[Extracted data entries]
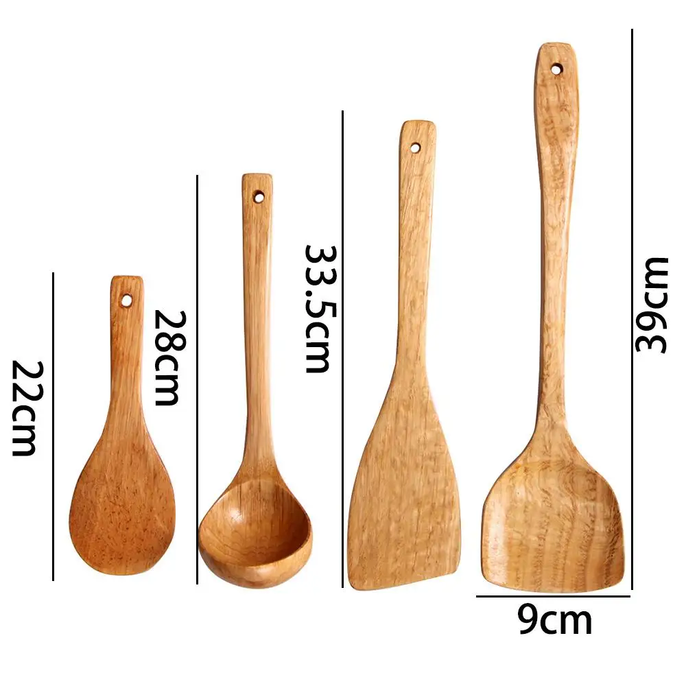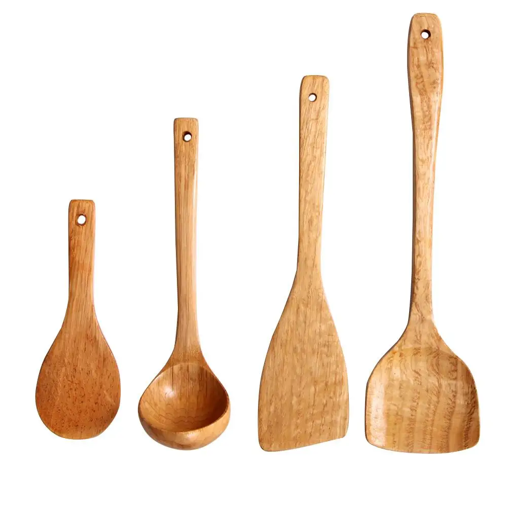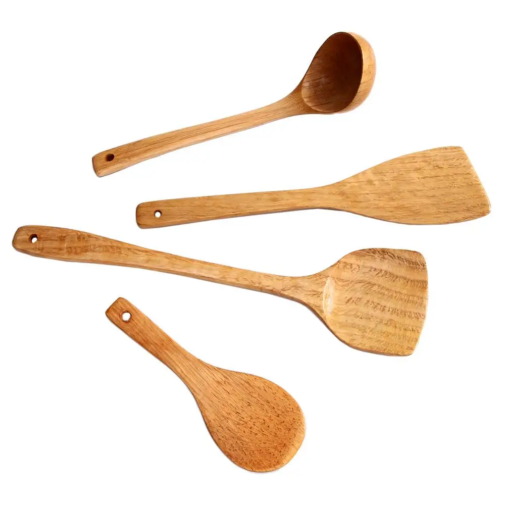 🌿 4-teiliges Holz Küchenutensilien Set – Natürlich kochen ohne Plastik
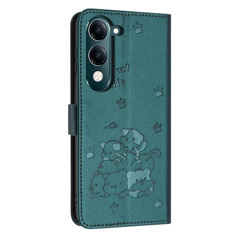 Θήκη τηλεφώνου από δέρμα με ανάγλυφο γατάκι για vivo Y29s 5G / Y04 4G με κορδόνι (Σκούρο πράσινο)
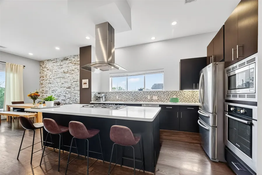 NO STUCCO & NO HOA FEES!! LOCATION; check! SHOWSTOPPING HOME; check, check! Sawyer Heights gem on a corner, has all you're looking for & then some! Here's your opportunity to own this meticulously maintained, Energy Star rated, Smart Home! Open-concept with high ceilings, lots of windows & FANTASTIC city views from the roof-top terrace complete with water & gas connections, ready for you to entertain! Kitchen boasts massive island & features Bosch appliances, soft-close drawers & cabinets. Owner's retreat is ample with dual closets & large tub. No carpet anywhere at all; floors are stained concrete, tile & wood. Recent updates include new roof (2024), siding (2023), landscaping (2025). Whether you like creating a space for your indulgence or enjoy hosting; this is the perfect residence! Being in close proximity to shopping & entertainment without being in the thick of it is a bonus! Ple...
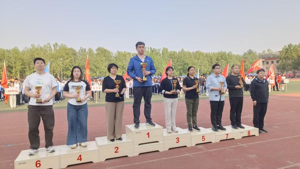 本届运动会上,教职工组共获得以下奖项:1.个人一等奖2个:高会颖跳远第一名,谢嘉毅100米第二名;2.个人二等奖1个:路荣套圈第四名;3.个人三等奖5个:路荣投靶掷准第五名,王关平投靶掷准第八名、定点投篮第六名,姬孟丹定点投篮第五名,杨培踢毽子第五名;4.团体三等奖1个:高会颖、姬孟丹、杨晨、杨纯纯4X100米第七名。
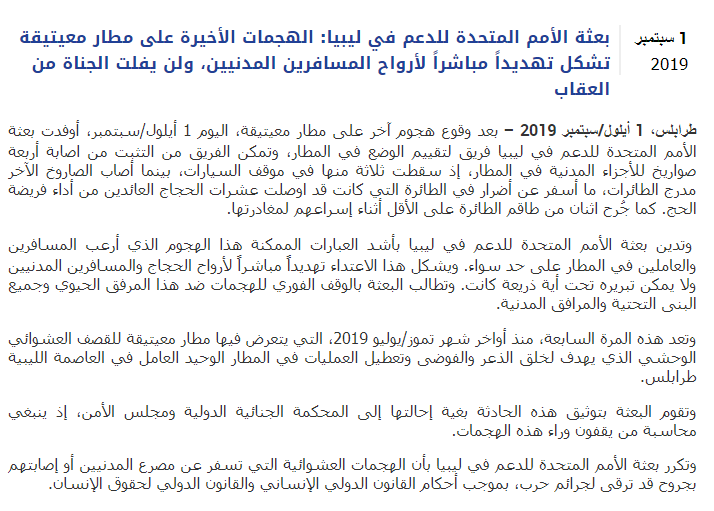 اذا علمت الامم المتحدة ان الميليشات هي اللي تقف خلف قصف المطار ستدعها تفلت من العقاب

## The problem
Excluding all pictures, output exactly the lines from the line containing "Θήκη τηλεφώνου από" through the last line of the entries above.

## Answer to this exercise
 Θήκη τηλεφώνου από δέρμα με ανάγλυφο γατάκι για vivo Y29s 5G / Y04 4G με κορδόνι (Σκούρο πράσινο)
 NO STUCCO & NO HOA FEES!! LOCATION; check! SHOWSTOPPING HOME; check, check! Sawyer Heights gem on a corner, has all you're looking for & then some! Here's your opportunity to own this meticulously maintained, Energy Star rated, Smart Home! Open-concept with high ceilings, lots of windows & FANTASTIC city views from the roof-top terrace complete with water & gas connections, ready for you to entertain! Kitchen boasts massive island & features Bosch appliances, soft-close drawers & cabinets. Owner's retreat is ample with dual closets & large tub. No carpet anywhere at all; floors are stained concrete, tile & wood. Recent updates include new roof (2024), siding (2023), landscaping (2025). Whether you like creating a space for your indulgence or enjoy hosting; this is the perfect residence! Being in close proximity to shopping & entertainment without being in the thick of it is a bonus! Ple...
 本届运动会上,教职工组共获得以下奖项:1.个人一等奖2个:高会颖跳远第一名,谢嘉毅100米第二名;2.个人二等奖1个:路荣套圈第四名;3.个人三等奖5个:路荣投靶掷准第五名,王关平投靶掷准第八名、定点投篮第六名,姬孟丹定点投篮第五名,杨培踢毽子第五名;4.团体三等奖1个:高会颖、姬孟丹、杨晨、杨纯纯4X100米第七名。
 اذا علمت الامم المتحدة ان الميليشات هي اللي تقف خلف قصف المطار ستدعها تفلت من العقاب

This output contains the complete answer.